Naturwanderer hat gesagt…

Hallo ihr lieben Bloggerinnen,
tja, das war in der Tat ein toller Freitag, den ich nicht so schnell vergessen werde.Ab dem 26. Sept. soll dann schon die kleine Ausstellung gezeigt werden.
@ Sisah, zu deiner Frage, eine Rebverschiebung, also das muß man sich ganz einfach vorstellen, der Winzer möchte aus zwei oder drei kleineren Rebstücken eine größere Fläche erstellen. Dazu muß er mit einem Bagger die Rebstücke zusammen schieben, damit das Gelände auf einer Ebene ist.
@ Ja ja Aiko, diesmal waren die Knochen leider nicht für dich.
@ Barbara, ne ne, das war die gleiche Höhle, nur jetzt unverschlossen, damit wir besser ran kommen.Bei deinen Tierchen bin ich dir gerne behilflich, schließlich haben wir sie zusammen gesehen.
Euch allen eine gute Woche,
liebe Grüße
von Edith

Fuchsienrot hat gesagt…

Hallo Edith,
das ist ja wieder eine ganz tolle und spannende Geschichte!
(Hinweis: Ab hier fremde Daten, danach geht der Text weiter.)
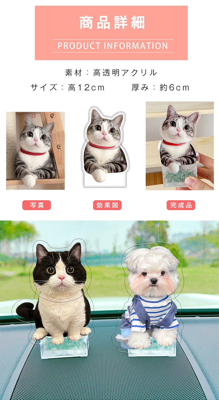 ペット オリジナル 首振り アクリル 猫用品 オーナーズグッズ 豊富な品揃え 1-半身&全身 2-マージャン 3-車 4-電動バイク 5-スイカ
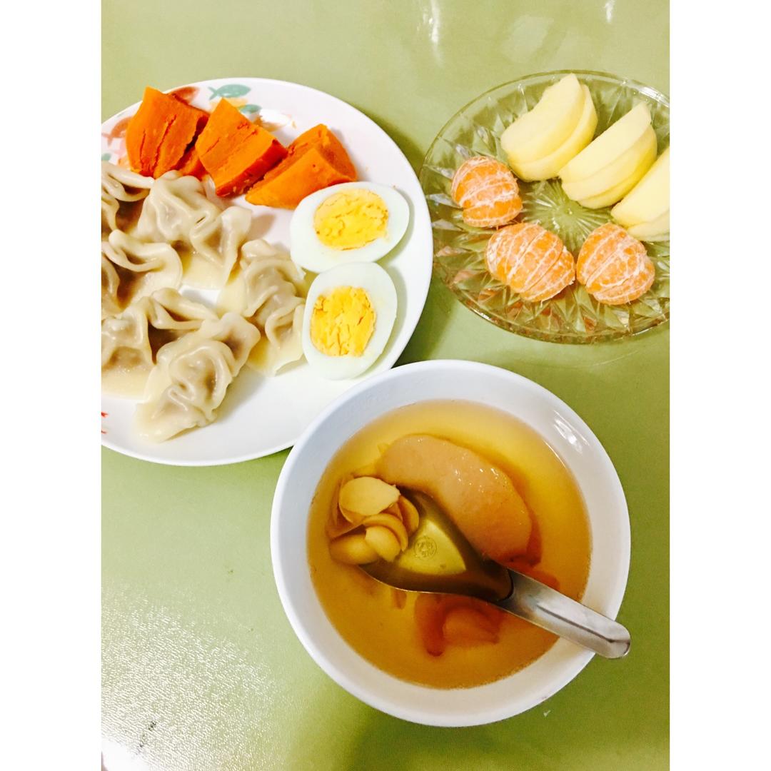 早安!今天早餐吃冰糖雪梨百合汤、饺子、水煮蛋、蒸红薯,水果~

Ein phantastisches Erlebnis für alle Beteiligten und auch für uns.
Die Fotos von den Smaragdeidechsen sind wirklich spitze. Ich habe versucht, während unseres Moselurlaubs Eidechsen zu fotografieren, was mir aber leider nicht gut gelungen ist. Die waren so schnell, dass ich sie oft nur zum Teil auf den Fotos hatte.
LG
Angelika

Astrantia im Garten hat gesagt…

Liebe Edith,
ich beglückwünsche zu deinen vielen "besonderen" Tage draußen in der Natur. Wer sich so für sie interessiert, dem bleibt sie nicht verschlossen.
Ich bin mir sicher, du wirst noch viele kleine Wunder in deiner Umgebung finden. Unvorstellbar spannend, sich auszumalen, wie sie wohl vor 10.000 Jahren und mehr ausgesehen haben mag.
Liebe Grüße Astrantia

Melanie hat gesagt…

Wow. Das muss ein tolles Erlebnis und Gefühl gewesen sein, Archäologe zu sein. Das wird Euch bestimmt immer in Erinnerung bleiben!